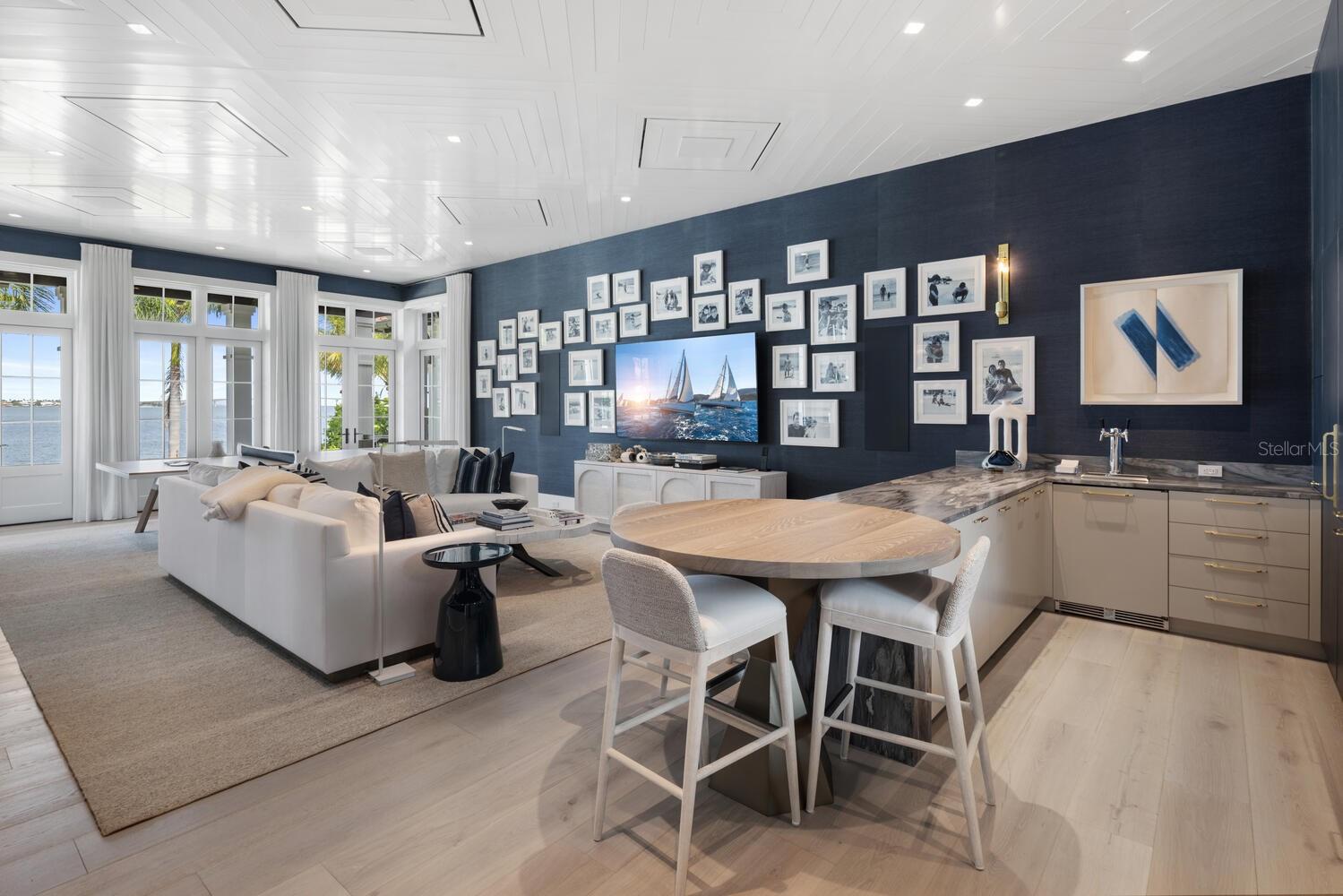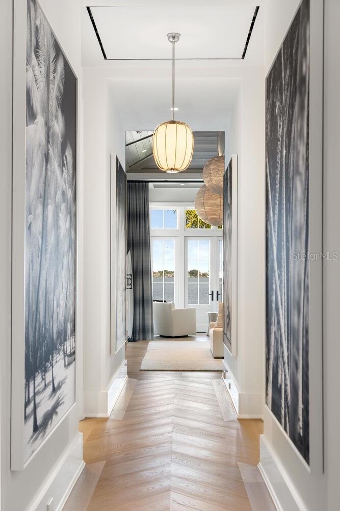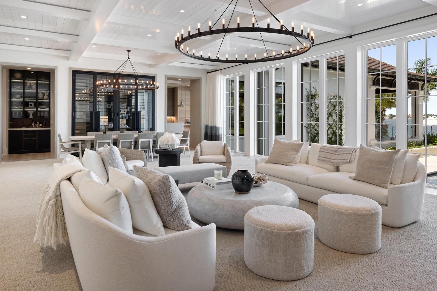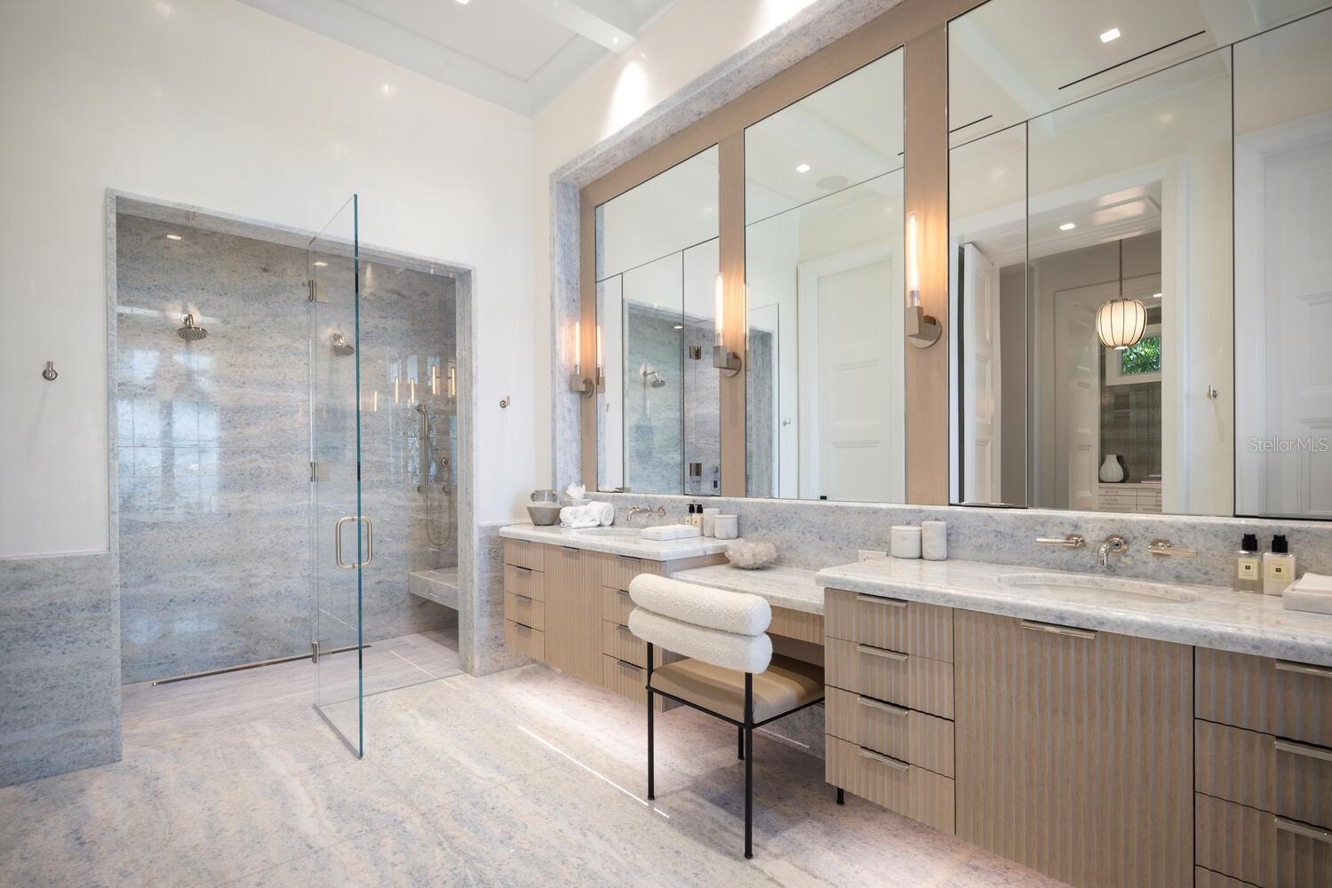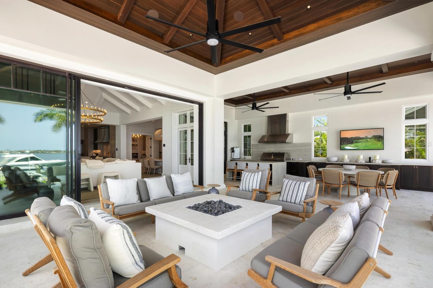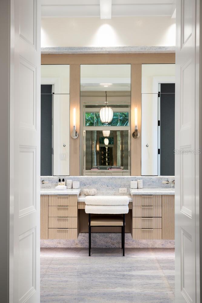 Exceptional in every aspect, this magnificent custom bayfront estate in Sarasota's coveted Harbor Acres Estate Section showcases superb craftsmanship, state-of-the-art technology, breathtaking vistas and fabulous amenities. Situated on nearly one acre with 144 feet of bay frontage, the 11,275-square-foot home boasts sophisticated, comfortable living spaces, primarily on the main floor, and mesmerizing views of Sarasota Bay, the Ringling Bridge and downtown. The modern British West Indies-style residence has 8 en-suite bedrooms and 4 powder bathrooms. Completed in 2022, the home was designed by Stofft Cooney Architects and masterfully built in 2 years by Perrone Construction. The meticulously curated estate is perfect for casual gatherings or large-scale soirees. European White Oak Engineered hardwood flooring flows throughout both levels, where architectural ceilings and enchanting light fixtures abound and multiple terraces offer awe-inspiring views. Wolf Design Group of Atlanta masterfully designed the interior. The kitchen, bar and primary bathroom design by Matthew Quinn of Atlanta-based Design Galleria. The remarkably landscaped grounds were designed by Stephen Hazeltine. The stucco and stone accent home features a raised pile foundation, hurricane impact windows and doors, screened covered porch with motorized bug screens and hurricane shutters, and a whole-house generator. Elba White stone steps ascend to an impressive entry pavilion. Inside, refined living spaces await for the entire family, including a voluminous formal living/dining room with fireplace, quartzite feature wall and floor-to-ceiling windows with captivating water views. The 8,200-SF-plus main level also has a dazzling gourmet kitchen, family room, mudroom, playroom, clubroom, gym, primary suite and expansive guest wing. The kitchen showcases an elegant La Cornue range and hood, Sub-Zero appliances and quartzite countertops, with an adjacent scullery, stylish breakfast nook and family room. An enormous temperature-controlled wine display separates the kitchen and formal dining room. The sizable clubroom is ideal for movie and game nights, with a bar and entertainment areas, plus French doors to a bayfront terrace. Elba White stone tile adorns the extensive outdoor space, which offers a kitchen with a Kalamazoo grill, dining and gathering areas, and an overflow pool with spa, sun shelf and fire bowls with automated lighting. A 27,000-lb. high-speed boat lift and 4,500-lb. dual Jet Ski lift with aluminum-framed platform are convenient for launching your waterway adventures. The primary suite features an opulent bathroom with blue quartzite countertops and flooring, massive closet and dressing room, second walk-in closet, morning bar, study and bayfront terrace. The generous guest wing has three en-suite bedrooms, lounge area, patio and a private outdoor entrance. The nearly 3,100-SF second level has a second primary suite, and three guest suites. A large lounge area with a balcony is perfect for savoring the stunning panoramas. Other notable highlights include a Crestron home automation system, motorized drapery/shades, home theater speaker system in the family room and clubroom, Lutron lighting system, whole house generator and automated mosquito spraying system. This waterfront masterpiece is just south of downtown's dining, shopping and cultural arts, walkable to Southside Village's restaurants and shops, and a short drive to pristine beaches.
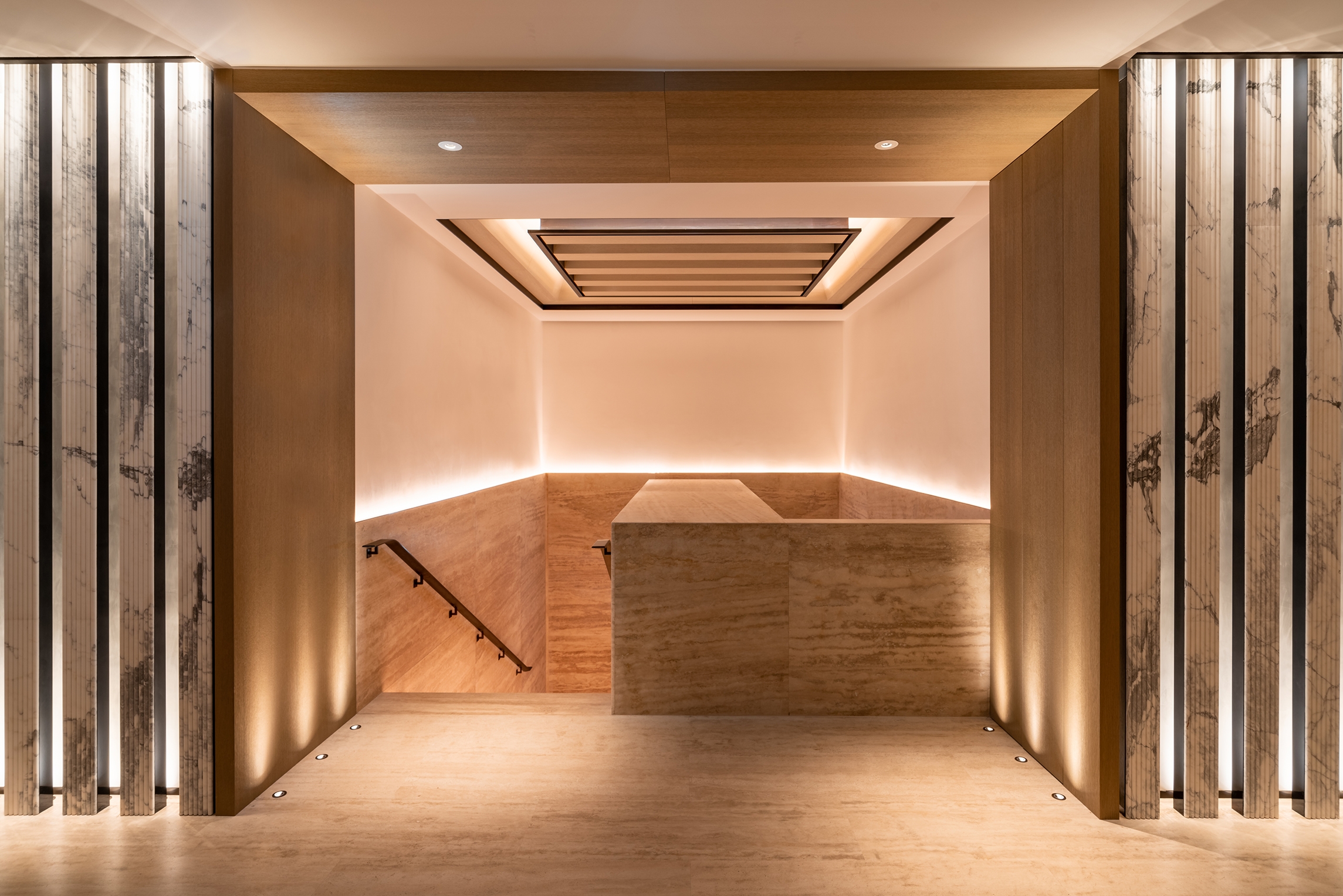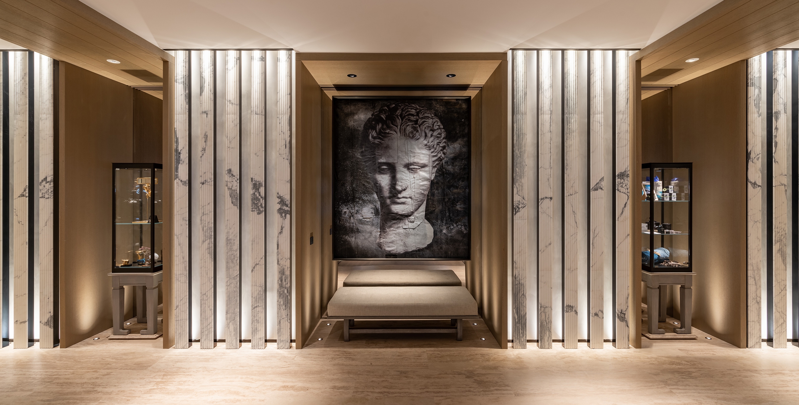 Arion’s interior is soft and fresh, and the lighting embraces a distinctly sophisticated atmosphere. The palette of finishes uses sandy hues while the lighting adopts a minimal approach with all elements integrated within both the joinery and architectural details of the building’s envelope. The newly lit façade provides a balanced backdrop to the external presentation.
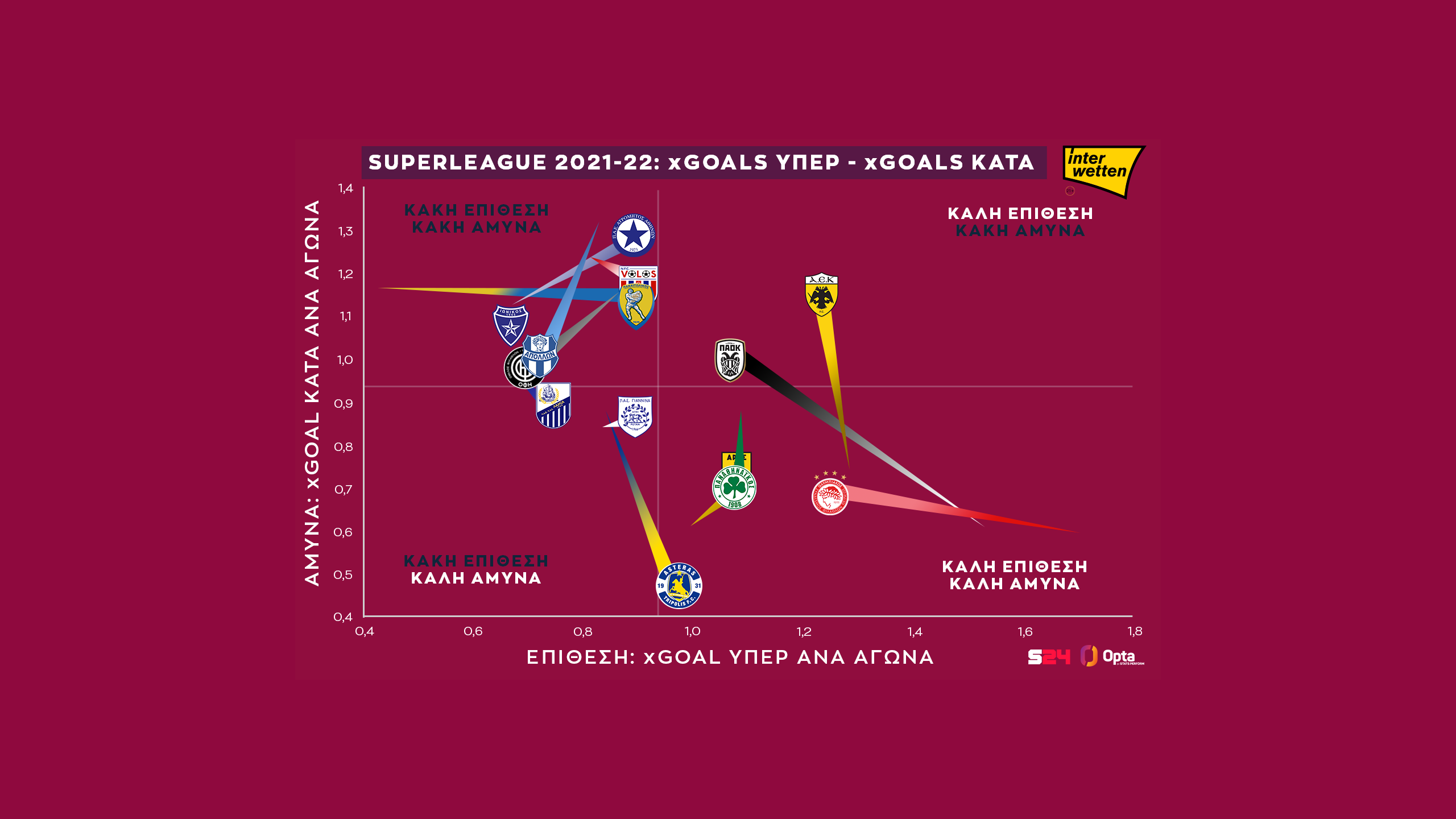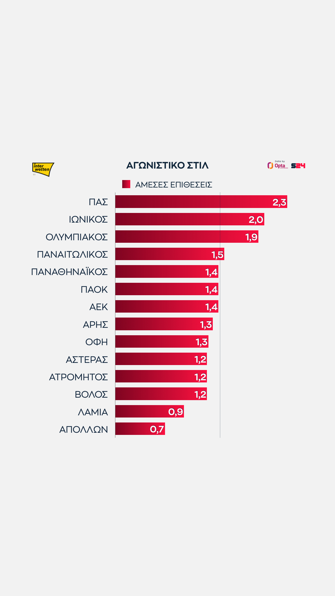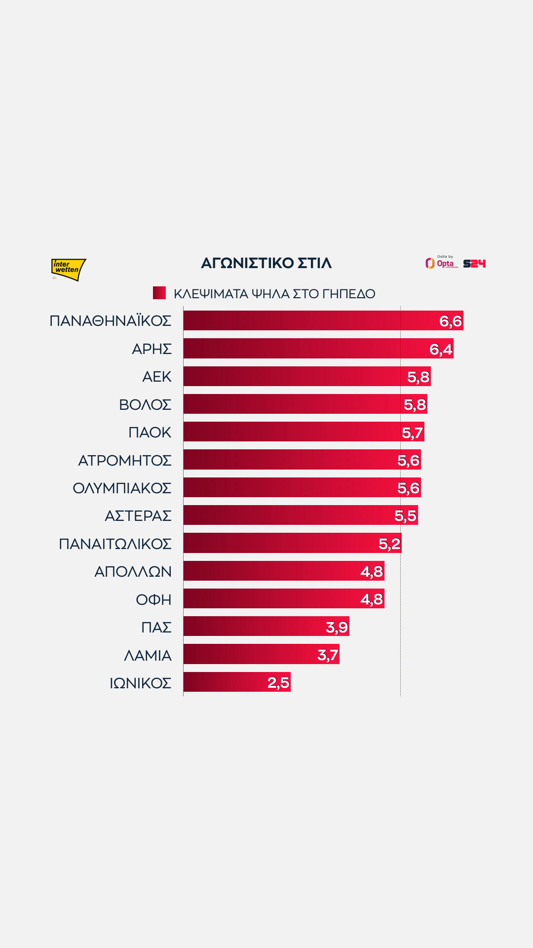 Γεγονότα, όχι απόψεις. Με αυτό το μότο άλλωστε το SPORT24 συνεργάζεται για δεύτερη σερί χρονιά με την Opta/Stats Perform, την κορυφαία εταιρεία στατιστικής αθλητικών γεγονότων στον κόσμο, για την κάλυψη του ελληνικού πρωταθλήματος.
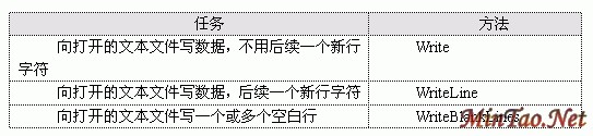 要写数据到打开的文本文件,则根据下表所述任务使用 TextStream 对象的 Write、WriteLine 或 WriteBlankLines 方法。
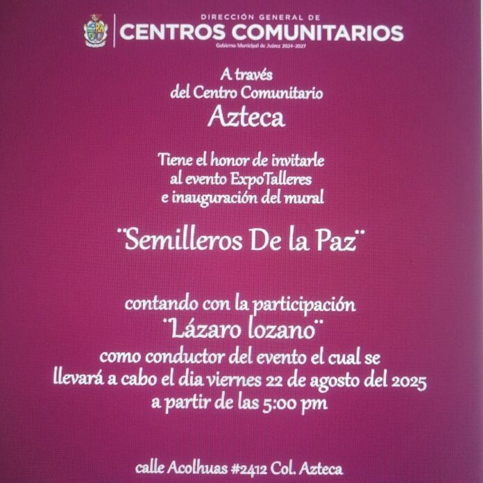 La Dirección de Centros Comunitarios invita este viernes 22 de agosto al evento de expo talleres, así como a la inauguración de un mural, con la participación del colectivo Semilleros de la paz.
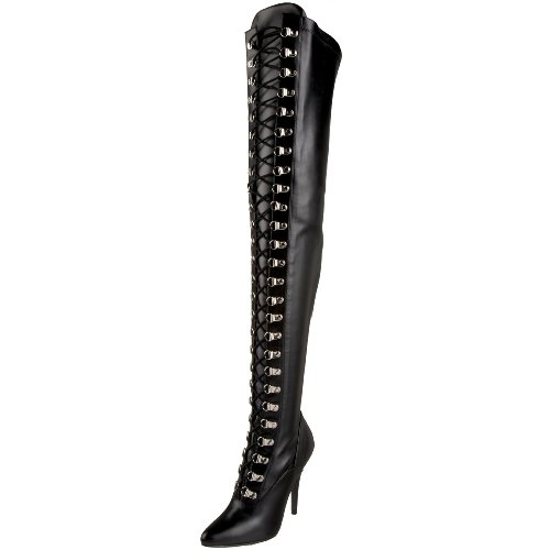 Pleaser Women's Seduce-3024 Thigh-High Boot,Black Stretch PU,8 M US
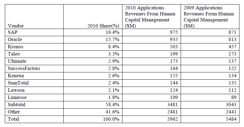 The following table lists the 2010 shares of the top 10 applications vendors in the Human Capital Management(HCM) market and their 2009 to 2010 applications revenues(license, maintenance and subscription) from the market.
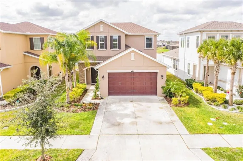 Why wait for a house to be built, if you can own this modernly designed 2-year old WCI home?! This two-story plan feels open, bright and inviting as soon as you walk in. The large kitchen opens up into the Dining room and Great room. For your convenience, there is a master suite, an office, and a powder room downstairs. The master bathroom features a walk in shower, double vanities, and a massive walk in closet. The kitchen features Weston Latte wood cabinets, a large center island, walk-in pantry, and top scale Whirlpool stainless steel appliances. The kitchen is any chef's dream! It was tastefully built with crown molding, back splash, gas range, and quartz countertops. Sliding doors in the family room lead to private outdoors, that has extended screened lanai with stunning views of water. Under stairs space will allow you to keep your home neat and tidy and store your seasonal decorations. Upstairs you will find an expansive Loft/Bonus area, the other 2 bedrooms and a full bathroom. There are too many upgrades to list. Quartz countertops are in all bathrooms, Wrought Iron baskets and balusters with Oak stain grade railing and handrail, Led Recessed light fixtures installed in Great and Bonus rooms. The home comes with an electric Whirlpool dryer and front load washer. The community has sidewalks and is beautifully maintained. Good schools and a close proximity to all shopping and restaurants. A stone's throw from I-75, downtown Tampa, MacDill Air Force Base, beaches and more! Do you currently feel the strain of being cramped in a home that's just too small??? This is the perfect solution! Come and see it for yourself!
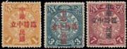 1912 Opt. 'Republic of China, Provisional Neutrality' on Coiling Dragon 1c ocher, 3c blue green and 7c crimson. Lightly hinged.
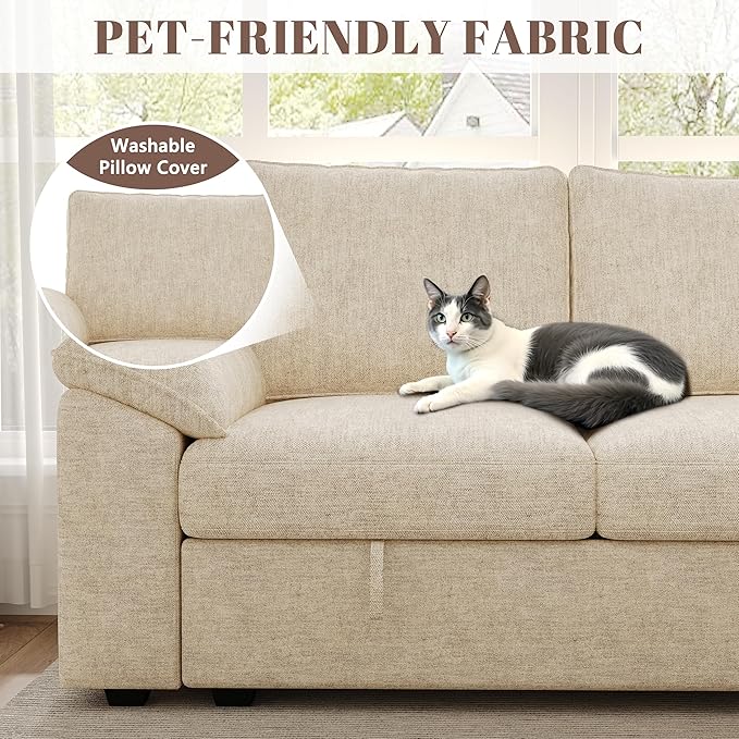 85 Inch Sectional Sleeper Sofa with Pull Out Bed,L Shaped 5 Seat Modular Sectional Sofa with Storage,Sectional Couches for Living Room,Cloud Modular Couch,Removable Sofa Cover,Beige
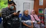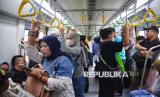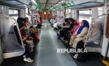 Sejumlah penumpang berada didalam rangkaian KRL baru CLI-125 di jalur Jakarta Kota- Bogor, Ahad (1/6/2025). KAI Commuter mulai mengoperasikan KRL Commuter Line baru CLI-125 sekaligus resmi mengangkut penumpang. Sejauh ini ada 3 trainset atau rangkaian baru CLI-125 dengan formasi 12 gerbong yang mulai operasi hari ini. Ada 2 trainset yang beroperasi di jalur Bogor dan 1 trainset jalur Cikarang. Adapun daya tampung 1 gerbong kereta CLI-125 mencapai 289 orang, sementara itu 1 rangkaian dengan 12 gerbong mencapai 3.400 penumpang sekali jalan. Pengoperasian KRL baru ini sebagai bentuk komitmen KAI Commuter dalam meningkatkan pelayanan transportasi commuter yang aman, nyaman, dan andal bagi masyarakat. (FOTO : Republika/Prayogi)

**What you need to do**.
From the data above, return only the lines starting at the line that holds "La Dirección de" and ending at the line that holds "The following table", word for word and without pictures.

**Written solution**.
 La Dirección de Centros Comunitarios invita este viernes 22 de agosto al evento de expo talleres, así como a la inauguración de un mural, con la participación del colectivo Semilleros de la paz.
 Pleaser Women's Seduce-3024 Thigh-High Boot,Black Stretch PU,8 M US
 The following table lists the 2010 shares of the top 10 applications vendors in the Human Capital Management(HCM) market and their 2009 to 2010 applications revenues(license, maintenance and subscription) from the market.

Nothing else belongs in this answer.